I had a similar experience of reading the Remedy on the weekend of the the very first Working Class Acupuncture conference in 2006 in Portland. I think I did not sleep a wink that whole weekend and cried a whole bunch. I could feel my whole life turning in a huge way and I wanted to be awake for every moment of it. Thanks so much, can’t wait to read the rest of this new version.
Lisa, one of my favourite things about your writing is how you continually re-explain and re-frame stuff that I think about all the time in ways that make me go “Yes! What?? Of course!” Your writing makes me love my job even more.

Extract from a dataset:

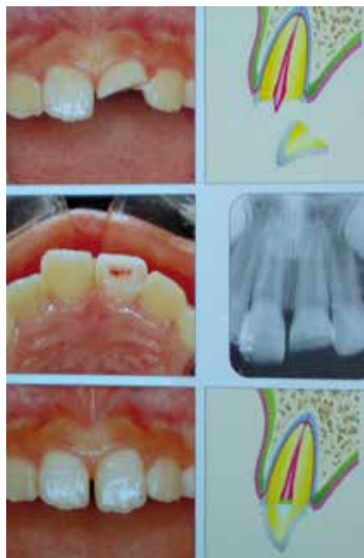
Abb. 1: Nach einem Trauma erfolgen eine partielle oder zervikale Pulpotomie mit Entfernung eines Pulpenhorns oder der gesamten Kronenpulpa, \text{Ca(OH)}_2 - bzw. MTA-Abdeckung und ein dichter Verschluss.

Endodontische Behandlungsmaßnahmen müssen gegenwärtig in der Regel in der Gruppe der Kinder mit meist durch die Nuckelflaschen verursachte Karies, die so genannte frühkindliche Karies (ECC), und bei den Kindern mit einem hohen Kariesrisiko im Kindergarten- und Vorschulalter vorgenommen werden. Die Anzahl der Kinder mit frühkindlicher Milchzahnkaries ist in den letzten Jahren trotz intensivierter Aufklärung weiter angestiegen. In Familien mit niedrigem Sozialstatus sehen wir bereits bei 27,3 Prozent der Klein- und Vorschulkinder die frühkindliche Karies (Baden & Schiffner 2008). Untersuchungen

One of the many Things I like about community acupuncture is that it is DIY – Do It Yourself – in a field that was not Doing It for hardly anyone. CA re-invented acupuncture which is having a huge ripple effect. I am old school and will wait to buy the hardcover!
Aw, thanks you guys. It means a lot to me.
that is super super stuff. looking forward to buying the book at PFest
This paragraph towards the end nearly made me cry because it sums up exactly why I love what I do and why I love working in a community acupuncture clinic.
“…giving people the option of trying something positive, giving them back a choice, is itself empowering. And we also believe that equalizing access is beneficial not only to lower-class people and people facing chronic health problems, but to everyone. A society where access to positive choices is more equal is one that values fairness: a healthier society.”
There are many pieces of Chinese medicine that I find edifying, but all pale in comparison to this piece.
When I attended my first CAN training 4 years ago, you asked us to introduce ourselves to you and to the group, and when it came my turn, I said, “My name is Brent, and you screwed up my life!” Of course, my tongue was lodged squarely in my cheek as I said it, but I had just read The Remedy and that was what did it. I too read it in one sitting, and from there, going back was no longer an option. You and Skip then proceeded to “screw up” my life even more, a habit you have both continued in the time since. That’s something for which I thank the powers every day. CA truly has become a THING, and it’s a thing I couldn’t be more grateful for. Congratulations on another groundbreaking step.
I have recently inherited my husband’s under-used Kindle fire (after leaving my Kindle on the plane coming back from the BDC workshop!) and this is the first thing I’m putting on it! So excited to read it 🙂
Congratulations on the publication! It is interesting to think about the fractal metaphor, as acupuncture like both noodles and broccoli. Also thinking about Things as gatherings or matters-of-concern.